Those who built the atomic bomb at the secret Los Alamos, New Mexico, facility understood very well the potential for destruction and death they had created, though individual reactions of the scientists varied widely. Some argued that America needed to develop nuclear weapons before the Germans did. Others argued that a war against fascism demanded the most lethal measures. Still others, as they witnessed the blast on July 16, 1945, were appalled at what they had unleashed. In this excerpt from a 1980 interview, Bernard Feld recalled his work as a graduate student at Los Alamos. While he had few reservations about the bomb’s development and its first use at Hiroshima, he had profound reservations about using the second bomb against Nagasaki.Listen to Audio:
Bernard Feld: On August 6th, when the bomb was dropped, everybody was elated. When we got the information on August 7th that it had gone off and that apparently had, as a bomb, worked extremely well. Well, people were used to killing a lot of people. Strategic bombing was an aspect of World War II, and people didn’t think much about that aspect.
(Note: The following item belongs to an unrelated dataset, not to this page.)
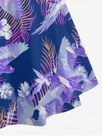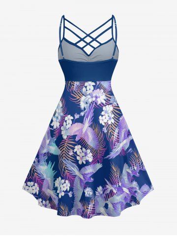 Plus Size Flower Leaf Bird Tropical Print Ruched Lattice Crisscross Straps Hawaii Dress - Purple - M

To me, actually, the important event was not the first bomb, but the second. When they announced the second bomb, that came as a shock to me. I said, “But the war is over.” In fact, the headlines at that time were the Japanese were suing for surrender. And then, bang, there was the bomb in Nagasaki. And that hit me like a glass of cold water thrown at you. I suddenly said, “Now, wait a second. What for? Great! We ended the war. But why do you have to end the war twice?” That really started me thinking about what it was all about.